He's 29 years old, right?

Yeah.

He's a little baby.

He's almost two years old.

And recently, he's, you know, kind of understood the fork.

You know, we've given it to him before, and he kinda he would just throw it.

But recently, he's understood the use of it.

And I think that he thinks it's fun.

It's like a new device for him to use.

So he's getting pretty good at the fork.

I need to help help him a little bit spearing the food sometimes, but he enjoys using it.

Now it's just the stopping him from throwing his entire plate on the floor when he decides that he's done.

That's the etiquette that I need to teach him.

That's the universal symbol of I'm done.

Yeah.

Just like Thor

throwing the glass down on the floor.

Mmm, delicious.

More, please.

Joel Mann, you're a parent of an adult child.

Yes, I am.

And she lives in another country paris paris france france right not connecticut and she

i don't even what sorry

not

i can't joel are you there anyway so what age did you teach her how to use nutcrackers to eat her lobster because that's all you eat right once once she was done with the sippy cup it was right to the european etiquette really

did you teach her how to how to use a knife and a fork yes wow i admire you i tied her shoes too taught her how to do that well that's good too i just you know boy, I don't even know if we ever taught our kids how to tie their shoes.

There are so many new alternatives.

There are so many slip-on alternatives.

And it just seemed tiresome.

We never did any.

I mean,

I think that in our hearts, our feeling about etiquette is

it exists not to adhere to some random rule that is in a book, but you apply etiquette and politeness in order to make other people more comfortable.

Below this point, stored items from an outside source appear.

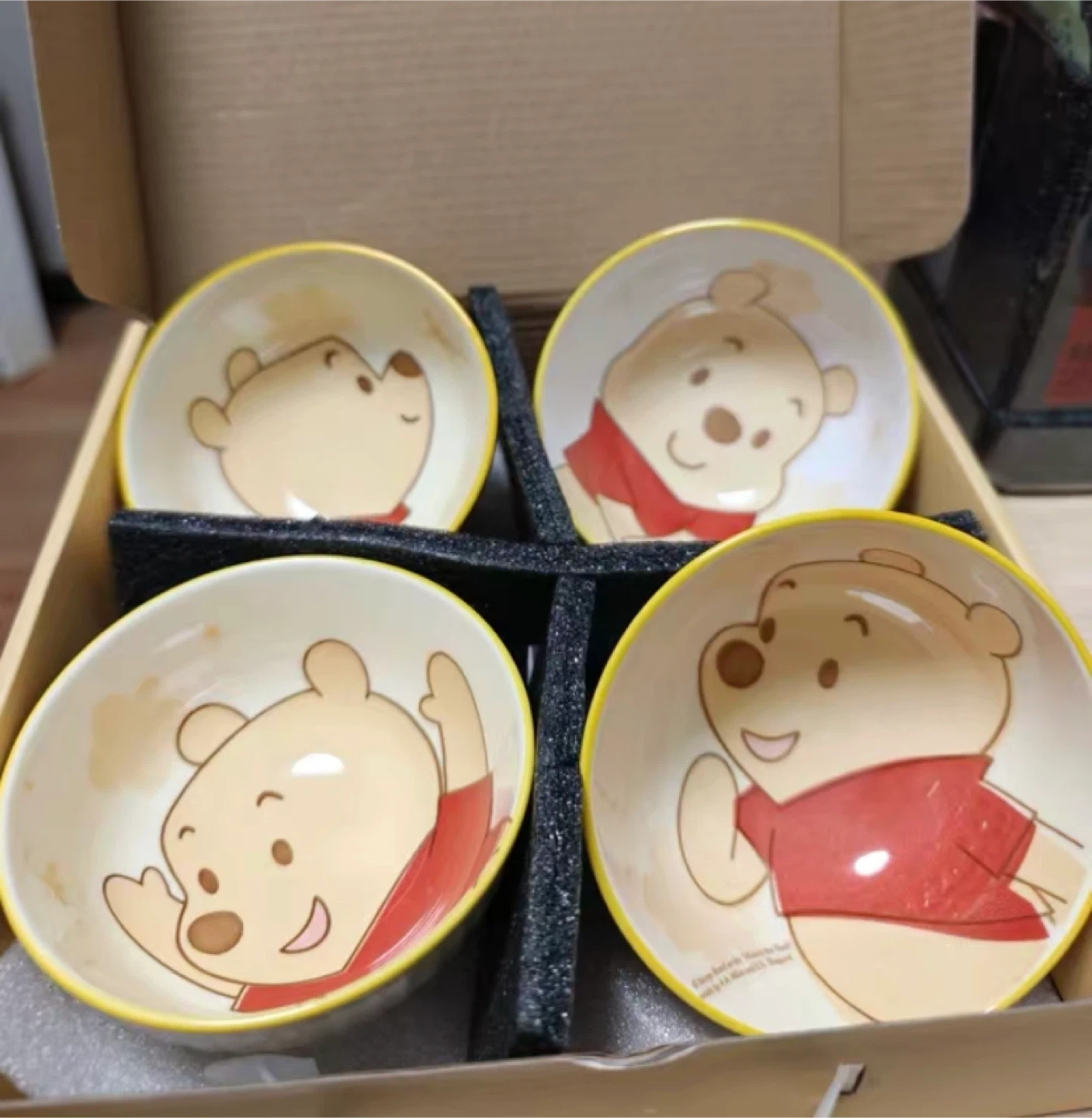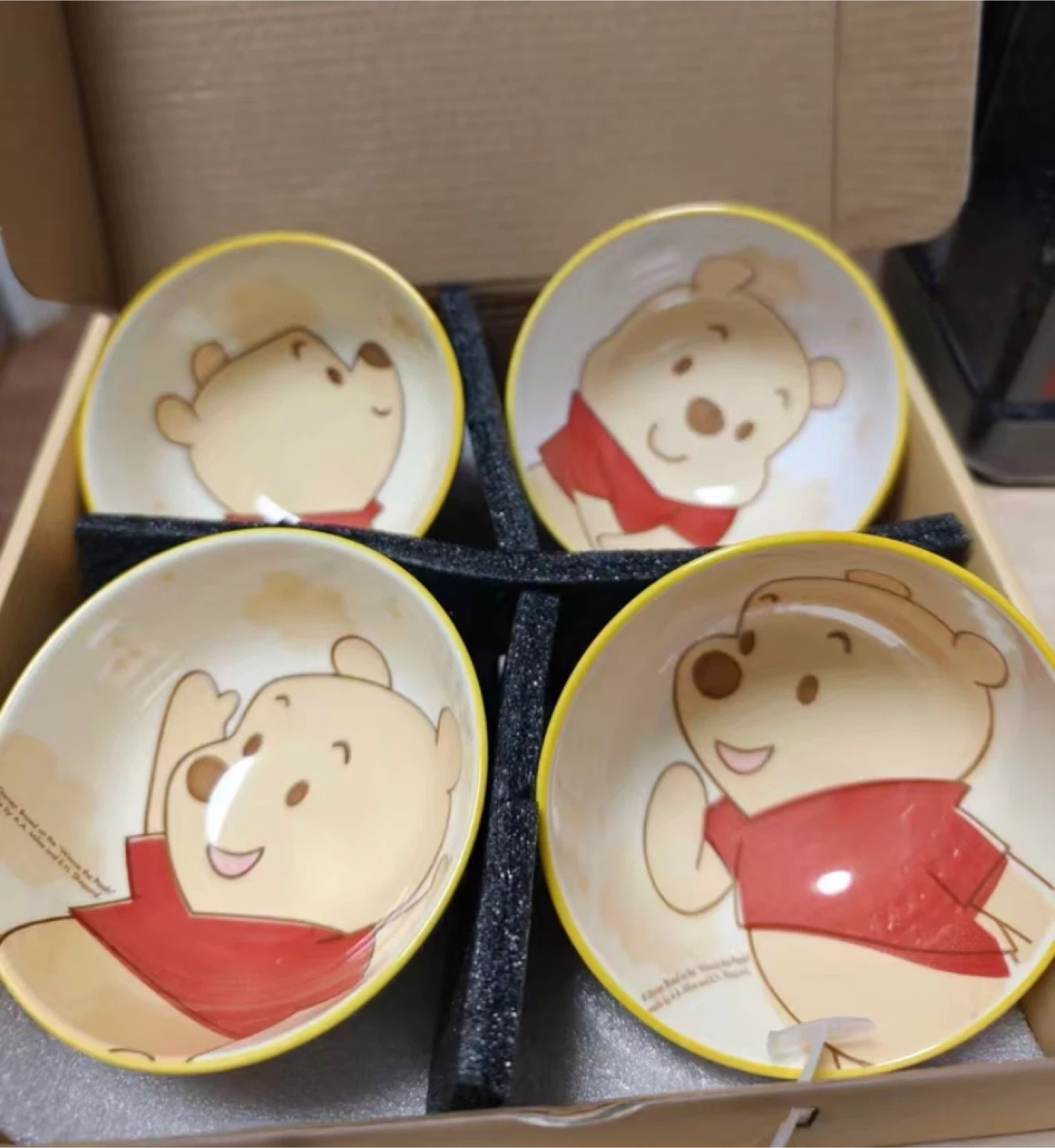 Set of four Winnie the Pooh ceramic bowls. Each bowl features a different illustration of Pooh. They're perfect for snacks or small servings. These bowls come in a gift box.
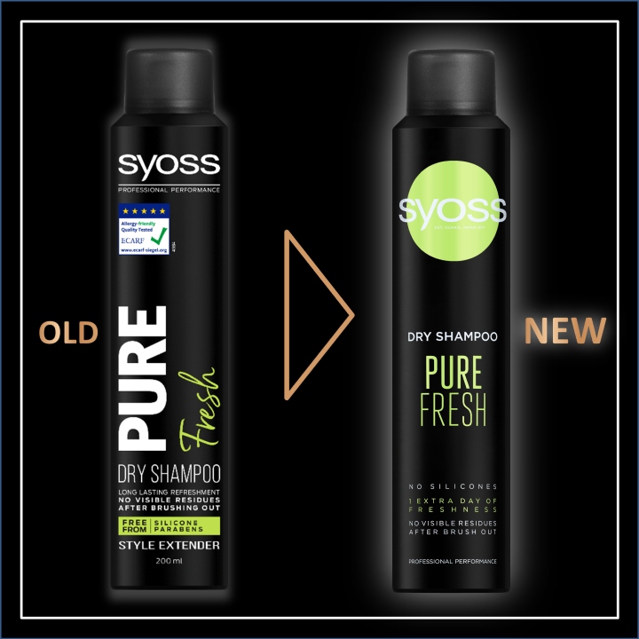 Вибирайте, створений за участю та Шампунь для сухого волосся SYOSS Pure Fresh, перевірений перукарями, забезпечить вам тривале освіження без миття волосся та без видимих слідів після розчісування.
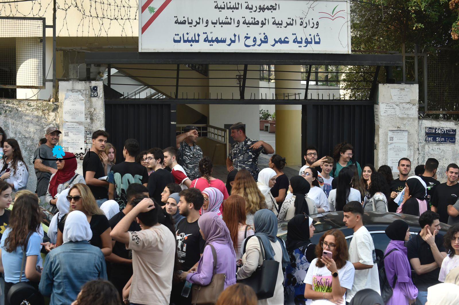 عدسة "النهار" عاينت تجمّع الطلاب أمام ثانوية عمر فروخ الرسمية للبنات، في بيروت، قبيل دخولهم إلى مركز الامتحانات، في حين تشهد المراكز تدابير أمنيّة.

And therefore, for us, it was more the etiquette that was more meaningful was say thank you, wait for other people to eat, sit down, be patient, enjoy each other's company as much as possible.

I mean, you know, with kids, you're kind of

herding them into this behavior a little bit.

There's going to be a lot of deviance, but you're trying to, you're trying to model this kind of behavior.

But in terms of, it was never important to us to instruct our kids

how to use a knife and fork in any kind of socially acceptable way.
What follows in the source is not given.